Interventions to improve muscle strength in neurological rehabilitation

There are a number of treatments available to therapists to improve muscle strength (Ada et al., 2006; Bohannon, 2007a; Dobkin, 2004), these include:

Meta-analysis of results from trials of these types of interventions in stroke has shown potential for improvements both at the impairment and activity levels (Ada et al., 2006).

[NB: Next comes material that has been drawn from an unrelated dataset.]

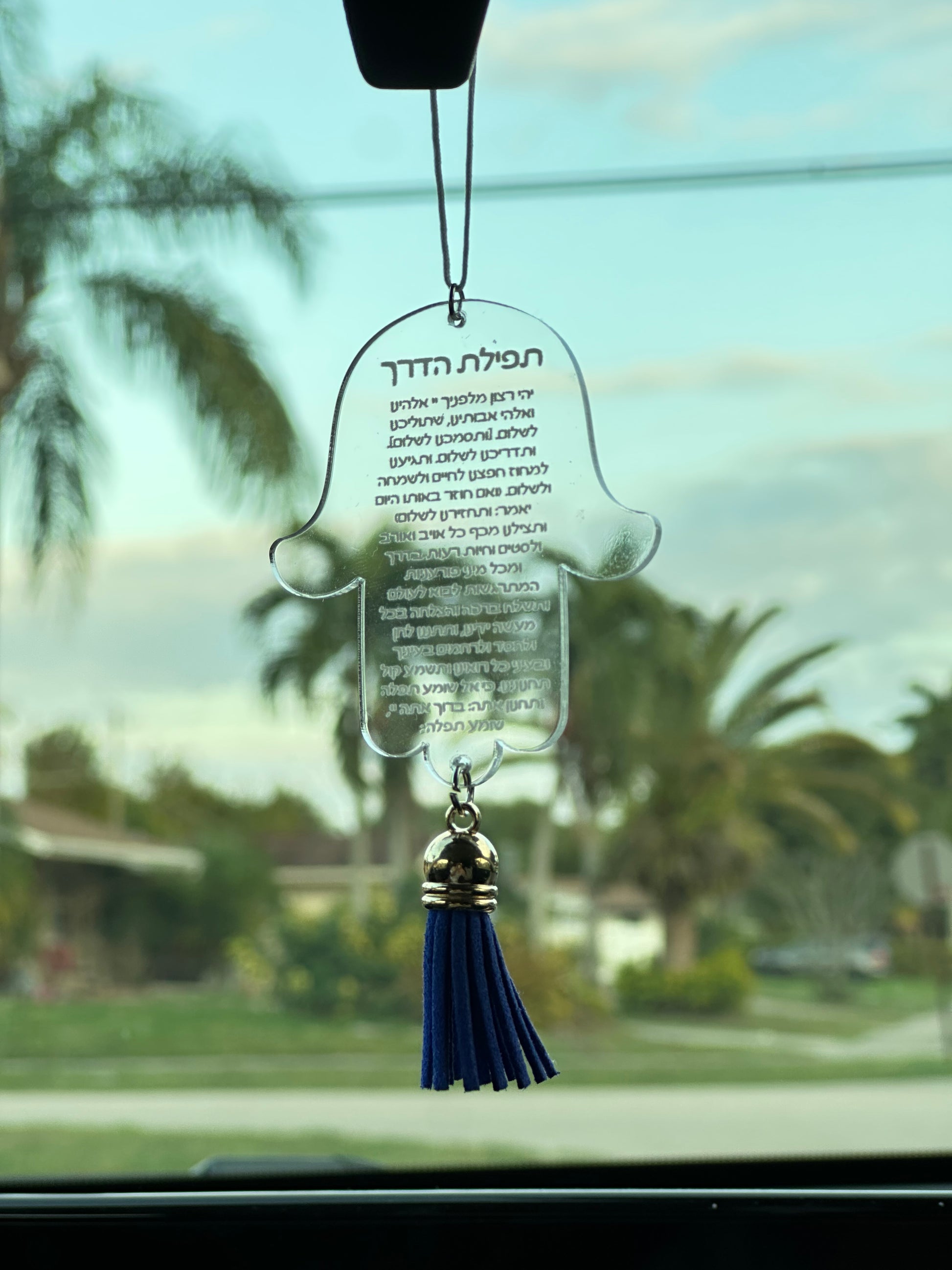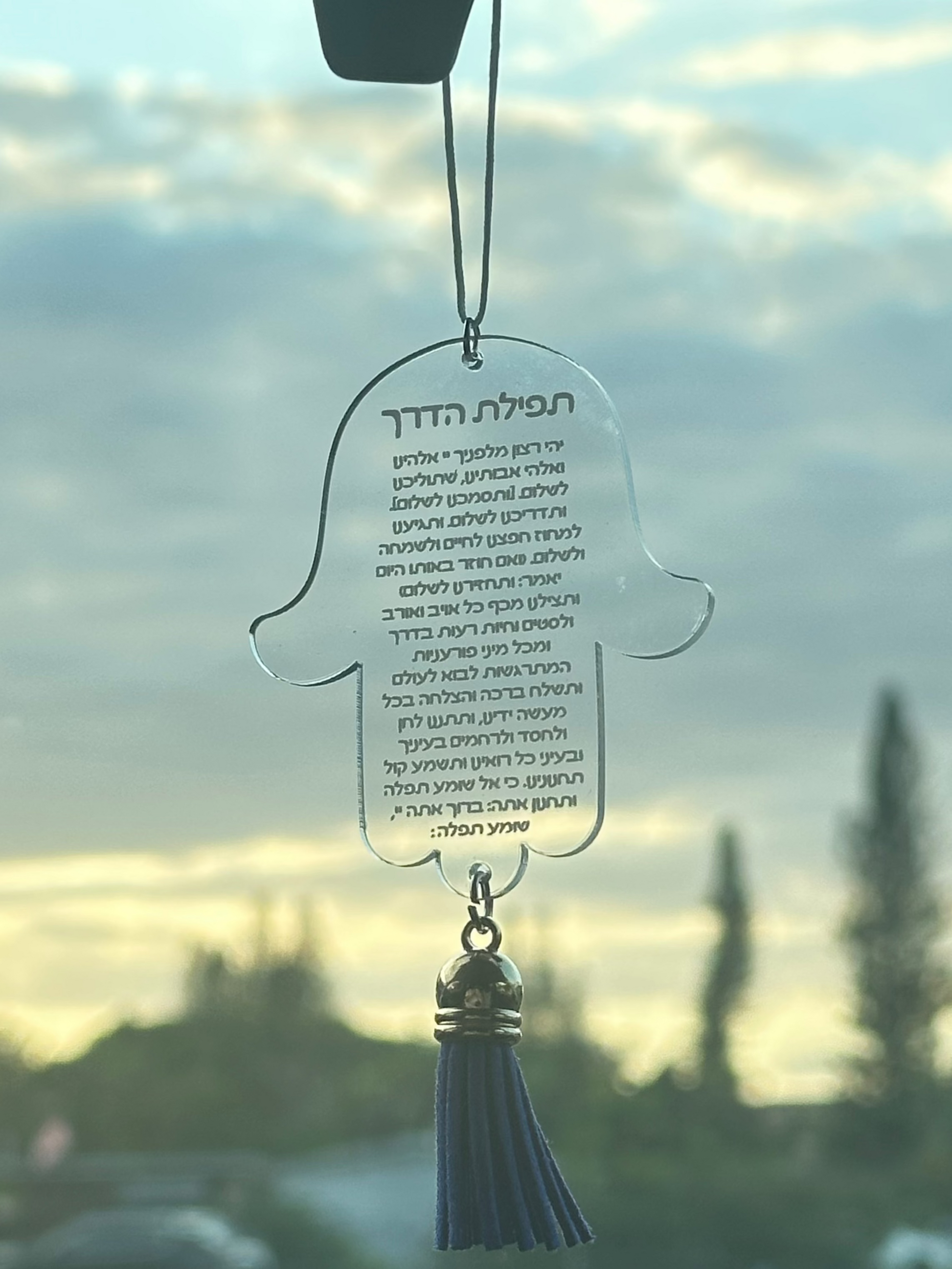 A meaningful Traveler’s Prayer designed for hanging in the car, crafted from clear plexiglass in a Hamsa shape with white, clear, and easy-to-read Hebrew text.

Investigations into muscle weakness following stroke have concluded that there is reduced muscle strength in the limbs contralateral to the side of the brain lesion (Andrews & Bohannon, 2000; Bohannon, 1997b; Bohannon & Walsh, 1992; Sunnerhagen et al., 1999;). It must also be remembered that the limbs ipsilateral to the brain lesion are not ‘normal’, but also show signs of muscular weakness (Andrews & Bohannon, 2000; Harris et al., 2001). The trunk muscles, both contralateral and ipsilateral to the brain lesion, are weakened with all trunk movements being affected by the weakness (Bohannon, 1995; Bohannon et al., 1995; Tanaka et al., 1997). Lower limb paresis or weakness following a stroke is seen in about 4–15% of all strokes (Jungehulsing et al., 2008; Wandel et al., 2000). In those able to perform voluntary movements, lower limb strength may be reduced by 45% in the paretic side at the time they are discharged from rehabilitation (Andrews & Bohannon, 2000).

A minimum level of muscle strength is required to carry out physical activities and weakness can lead to substantial activity limitations. Brill et al. (2000) found evidence for this in the healthy population and studies of muscle strength of individuals with neurological conditions have reached similar conclusions (Bohannon, 2007b). Lower limb weakness has been correlated with a reduction in walking speed and endurance (Nakamura, 1988), a need for assistance with walking (Bohannon, 1988) and for assistance with transfers (Bohannon, 1989). Bohannon (2007a, 2007b) proposes that there are thresholds of force generation required to perform certain activities: for example, the achievement of sit to stand requires a minimum knee extensor force. The upper limb muscle weakness found in stroke contributes to reduced dexterity, hand grip and hand function (Canning et al., 2004; Ng & Shepherd, 2000). Contrary to common beliefs, flexor muscles in the upper limb are weaker than the extensor muscles (Andrews & Bohannon, 2000).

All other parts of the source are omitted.